ASSIGNMENT: Please repeat every record exactly, leaving out any pictures.

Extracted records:
::::

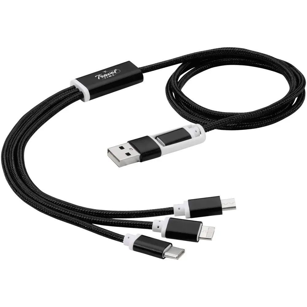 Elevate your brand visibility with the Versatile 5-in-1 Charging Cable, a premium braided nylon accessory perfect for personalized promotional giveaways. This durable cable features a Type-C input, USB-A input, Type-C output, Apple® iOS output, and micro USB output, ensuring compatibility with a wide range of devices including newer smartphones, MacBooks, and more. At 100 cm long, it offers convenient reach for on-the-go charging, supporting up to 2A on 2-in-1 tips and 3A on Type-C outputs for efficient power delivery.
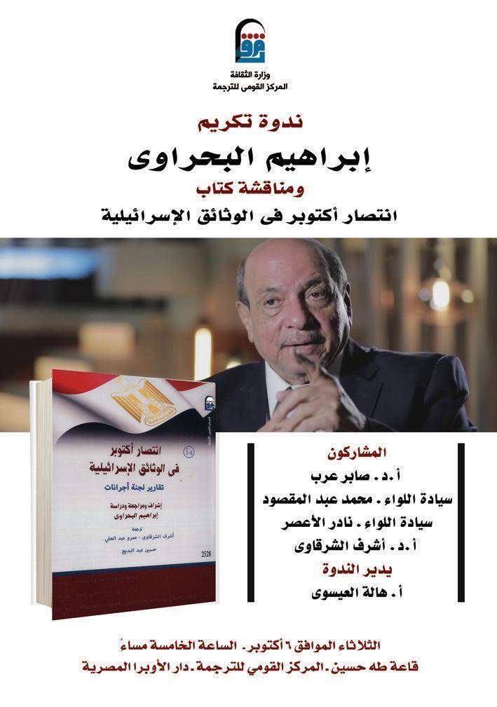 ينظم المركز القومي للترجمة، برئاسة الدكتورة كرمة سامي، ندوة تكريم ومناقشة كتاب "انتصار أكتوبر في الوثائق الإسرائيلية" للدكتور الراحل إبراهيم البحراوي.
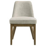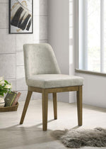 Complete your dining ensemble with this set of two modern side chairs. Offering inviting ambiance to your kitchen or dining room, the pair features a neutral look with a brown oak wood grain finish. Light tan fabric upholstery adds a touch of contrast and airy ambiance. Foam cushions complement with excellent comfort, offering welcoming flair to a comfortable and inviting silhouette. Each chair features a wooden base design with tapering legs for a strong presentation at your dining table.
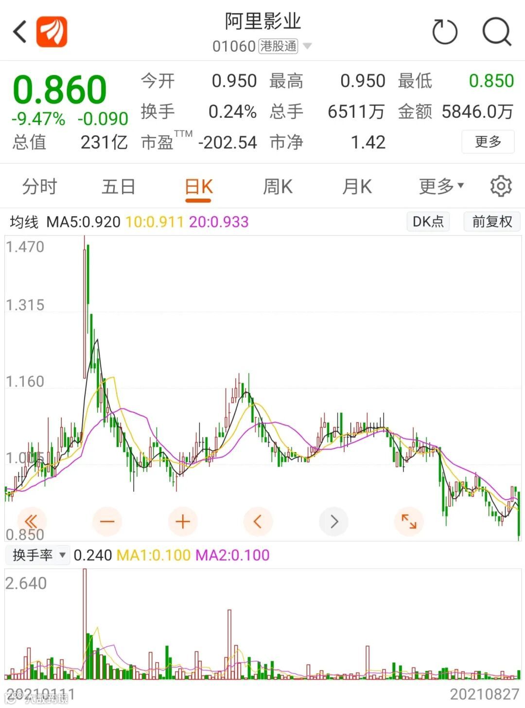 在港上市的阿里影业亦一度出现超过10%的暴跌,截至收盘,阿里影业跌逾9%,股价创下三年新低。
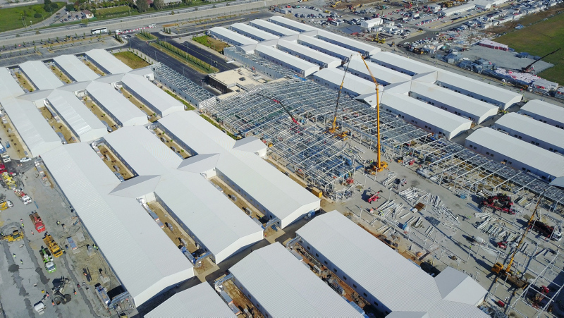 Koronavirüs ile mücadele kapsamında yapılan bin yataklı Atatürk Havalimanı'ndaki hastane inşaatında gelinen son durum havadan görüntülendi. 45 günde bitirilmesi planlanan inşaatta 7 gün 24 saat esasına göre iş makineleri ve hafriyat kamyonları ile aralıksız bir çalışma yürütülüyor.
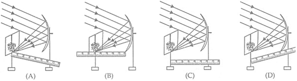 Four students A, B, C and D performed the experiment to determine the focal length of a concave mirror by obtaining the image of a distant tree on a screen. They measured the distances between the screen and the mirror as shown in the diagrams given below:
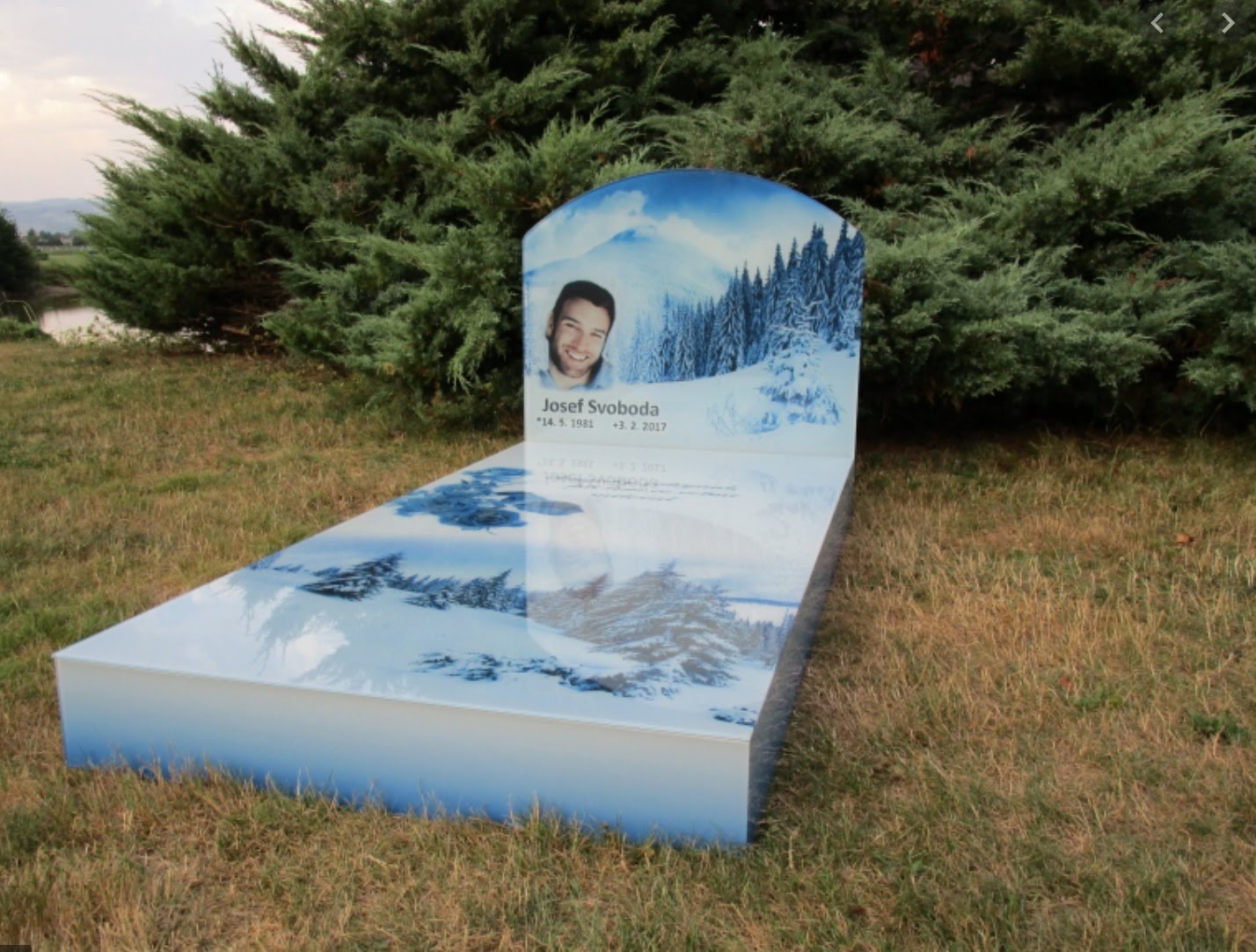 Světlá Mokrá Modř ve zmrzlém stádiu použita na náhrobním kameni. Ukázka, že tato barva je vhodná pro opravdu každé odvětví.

::::

WRITTEN SOLUTION:
 Elevate your brand visibility with the Versatile 5-in-1 Charging Cable, a premium braided nylon accessory perfect for personalized promotional giveaways. This durable cable features a Type-C input, USB-A input, Type-C output, Apple® iOS output, and micro USB output, ensuring compatibility with a wide range of devices including newer smartphones, MacBooks, and more. At 100 cm long, it offers convenient reach for on-the-go charging, supporting up to 2A on 2-in-1 tips and 3A on Type-C outputs for efficient power delivery.
 ينظم المركز القومي للترجمة، برئاسة الدكتورة كرمة سامي، ندوة تكريم ومناقشة كتاب "انتصار أكتوبر في الوثائق الإسرائيلية" للدكتور الراحل إبراهيم البحراوي.
 Complete your dining ensemble with this set of two modern side chairs. Offering inviting ambiance to your kitchen or dining room, the pair features a neutral look with a brown oak wood grain finish. Light tan fabric upholstery adds a touch of contrast and airy ambiance. Foam cushions complement with excellent comfort, offering welcoming flair to a comfortable and inviting silhouette. Each chair features a wooden base design with tapering legs for a strong presentation at your dining table.
 在港上市的阿里影业亦一度出现超过10%的暴跌,截至收盘,阿里影业跌逾9%,股价创下三年新低。
 Koronavirüs ile mücadele kapsamında yapılan bin yataklı Atatürk Havalimanı'ndaki hastane inşaatında gelinen son durum havadan görüntülendi. 45 günde bitirilmesi planlanan inşaatta 7 gün 24 saat esasına göre iş makineleri ve hafriyat kamyonları ile aralıksız bir çalışma yürütülüyor.
 Four students A, B, C and D performed the experiment to determine the focal length of a concave mirror by obtaining the image of a distant tree on a screen. They measured the distances between the screen and the mirror as shown in the diagrams given below:
 Světlá Mokrá Modř ve zmrzlém stádiu použita na náhrobním kameni. Ukázka, že tato barva je vhodná pro opravdu každé odvětví.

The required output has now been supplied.